-- DATA LISTING follows --
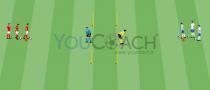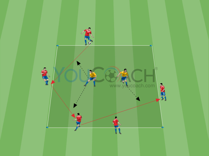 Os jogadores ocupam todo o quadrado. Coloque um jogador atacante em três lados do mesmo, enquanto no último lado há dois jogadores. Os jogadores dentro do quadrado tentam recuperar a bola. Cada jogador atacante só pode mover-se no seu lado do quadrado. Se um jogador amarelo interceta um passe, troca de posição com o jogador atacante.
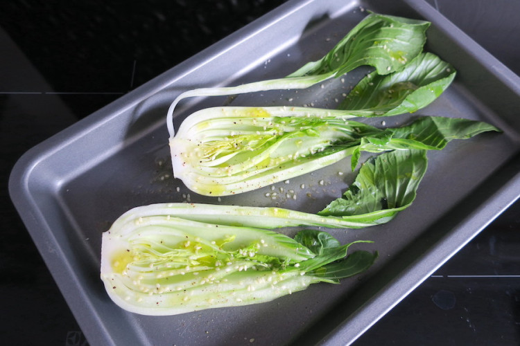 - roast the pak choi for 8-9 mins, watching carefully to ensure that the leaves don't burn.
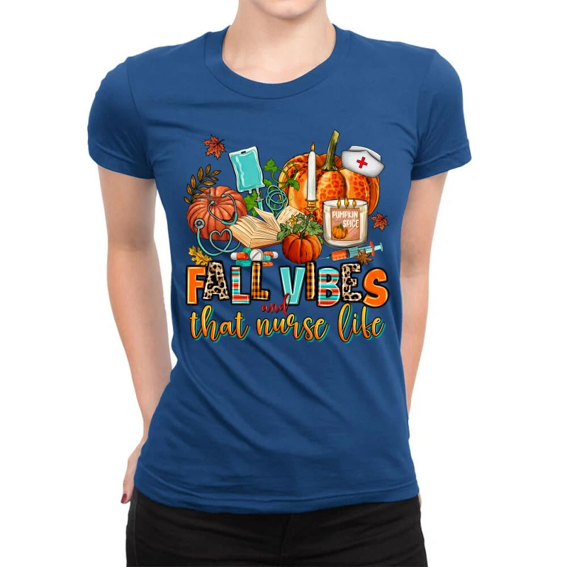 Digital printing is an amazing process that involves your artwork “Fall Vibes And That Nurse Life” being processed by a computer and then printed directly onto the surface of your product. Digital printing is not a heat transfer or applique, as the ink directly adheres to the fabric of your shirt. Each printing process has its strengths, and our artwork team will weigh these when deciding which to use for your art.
-- DATA LISTING concluded --
-- DATA LISTING follows --
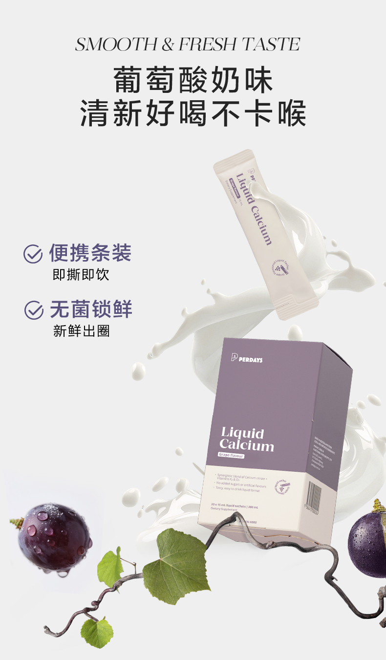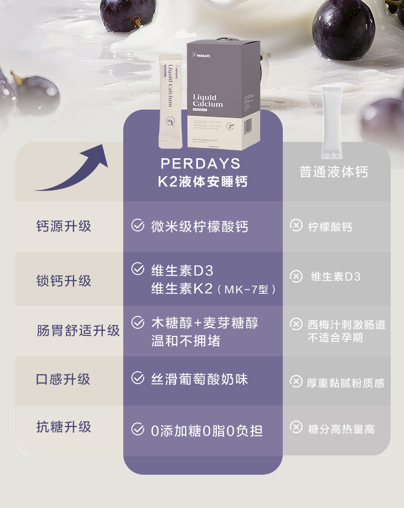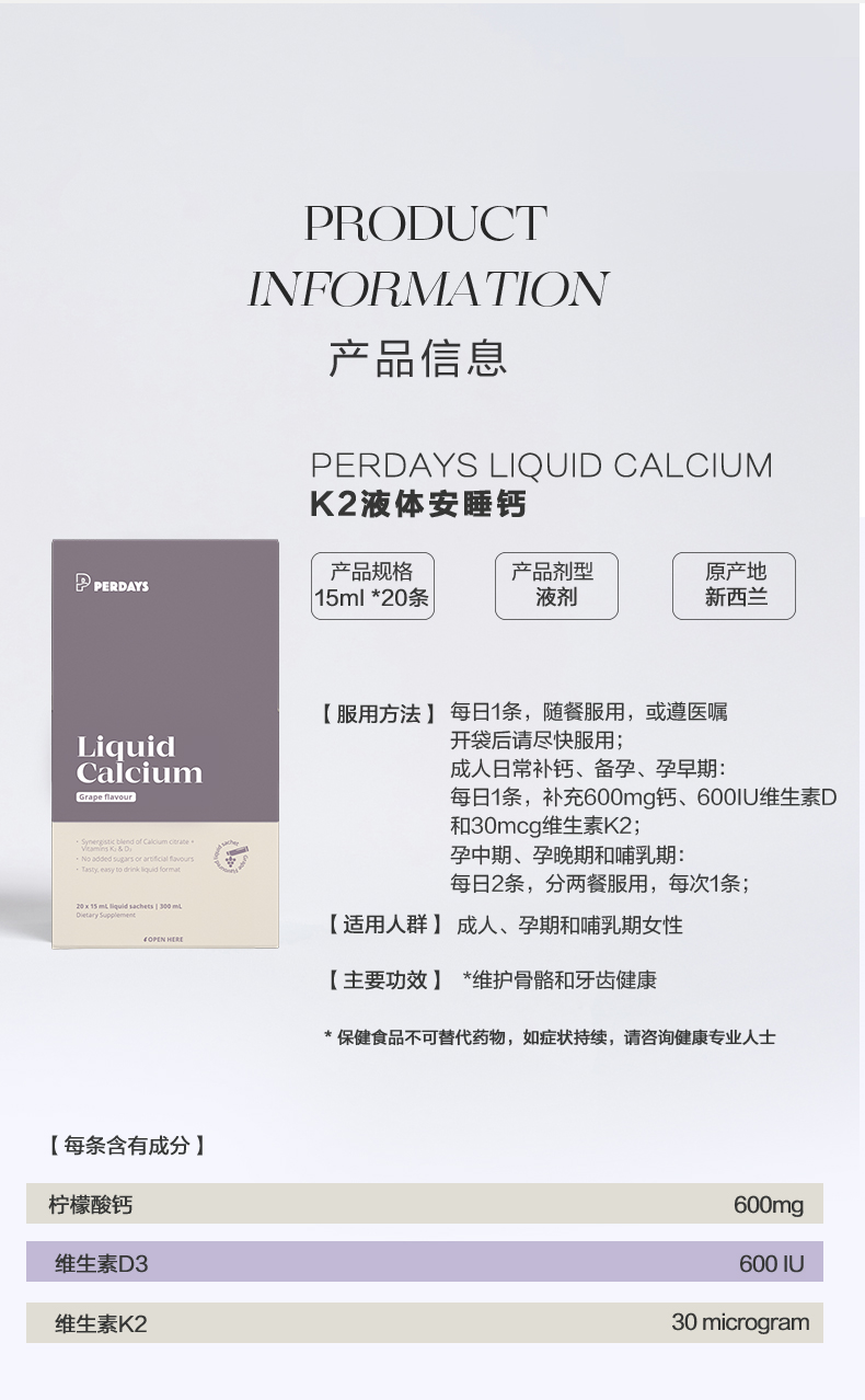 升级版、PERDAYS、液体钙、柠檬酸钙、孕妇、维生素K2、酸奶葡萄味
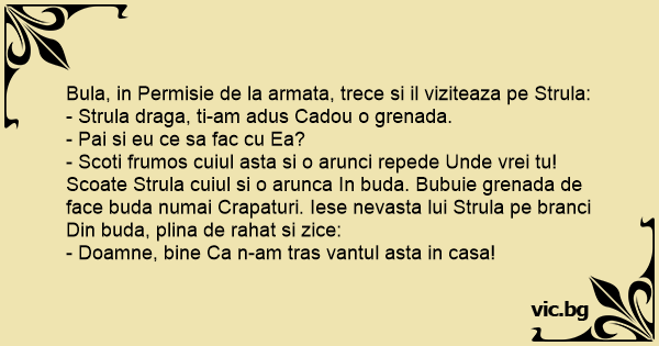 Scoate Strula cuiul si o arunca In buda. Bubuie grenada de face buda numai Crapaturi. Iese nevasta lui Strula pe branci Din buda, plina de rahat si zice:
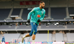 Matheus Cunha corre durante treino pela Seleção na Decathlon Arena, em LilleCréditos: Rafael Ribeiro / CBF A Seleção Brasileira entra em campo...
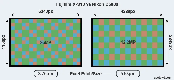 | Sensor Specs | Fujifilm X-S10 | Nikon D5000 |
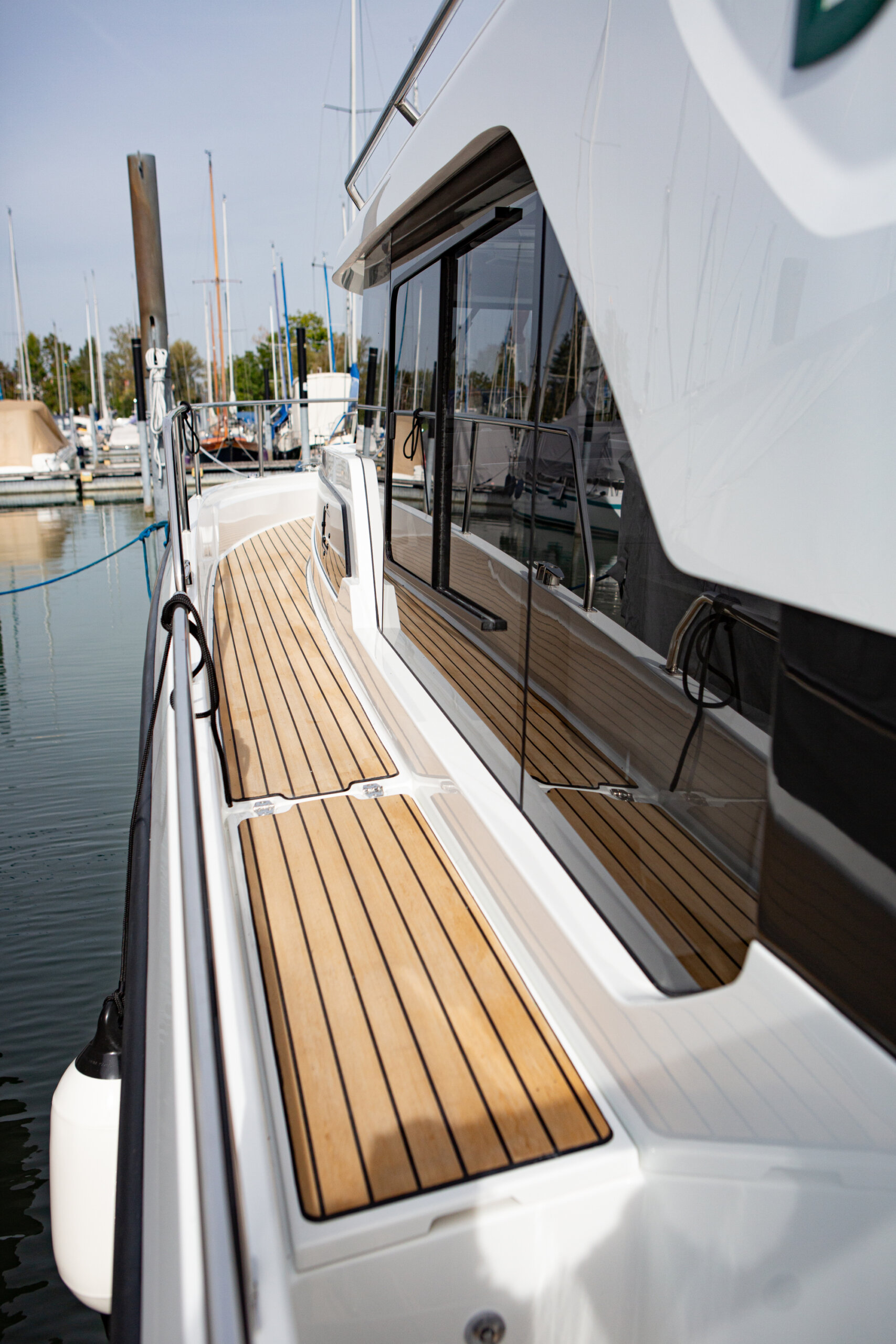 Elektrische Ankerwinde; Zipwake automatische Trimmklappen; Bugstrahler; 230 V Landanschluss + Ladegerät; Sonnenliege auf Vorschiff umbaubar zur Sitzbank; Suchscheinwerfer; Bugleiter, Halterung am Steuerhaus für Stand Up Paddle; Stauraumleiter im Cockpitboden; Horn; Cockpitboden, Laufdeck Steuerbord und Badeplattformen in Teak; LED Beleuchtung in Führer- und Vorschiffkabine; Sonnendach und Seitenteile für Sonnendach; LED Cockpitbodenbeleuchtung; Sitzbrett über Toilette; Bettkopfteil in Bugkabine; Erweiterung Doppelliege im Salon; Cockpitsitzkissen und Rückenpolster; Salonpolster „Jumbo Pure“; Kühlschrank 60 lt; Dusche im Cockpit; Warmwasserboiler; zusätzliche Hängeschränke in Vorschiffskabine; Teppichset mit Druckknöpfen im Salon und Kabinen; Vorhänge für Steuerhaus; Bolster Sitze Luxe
-- DATA LISTING concluded --
TASK ITEM ::
Range to print from the listing above: from the line with "Nikon D5000 |" up to and including the line with "Elektrische Ankerwinde; Zipwake". Please print those lines exactly, with no pictures and nothing more.

EXERCISE ANSWER ::
 | Sensor Specs | Fujifilm X-S10 | Nikon D5000 |
 Elektrische Ankerwinde; Zipwake automatische Trimmklappen; Bugstrahler; 230 V Landanschluss + Ladegerät; Sonnenliege auf Vorschiff umbaubar zur Sitzbank; Suchscheinwerfer; Bugleiter, Halterung am Steuerhaus für Stand Up Paddle; Stauraumleiter im Cockpitboden; Horn; Cockpitboden, Laufdeck Steuerbord und Badeplattformen in Teak; LED Beleuchtung in Führer- und Vorschiffkabine; Sonnendach und Seitenteile für Sonnendach; LED Cockpitbodenbeleuchtung; Sitzbrett über Toilette; Bettkopfteil in Bugkabine; Erweiterung Doppelliege im Salon; Cockpitsitzkissen und Rückenpolster; Salonpolster „Jumbo Pure“; Kühlschrank 60 lt; Dusche im Cockpit; Warmwasserboiler; zusätzliche Hängeschränke in Vorschiffskabine; Teppichset mit Druckknöpfen im Salon und Kabinen; Vorhänge für Steuerhaus; Bolster Sitze Luxe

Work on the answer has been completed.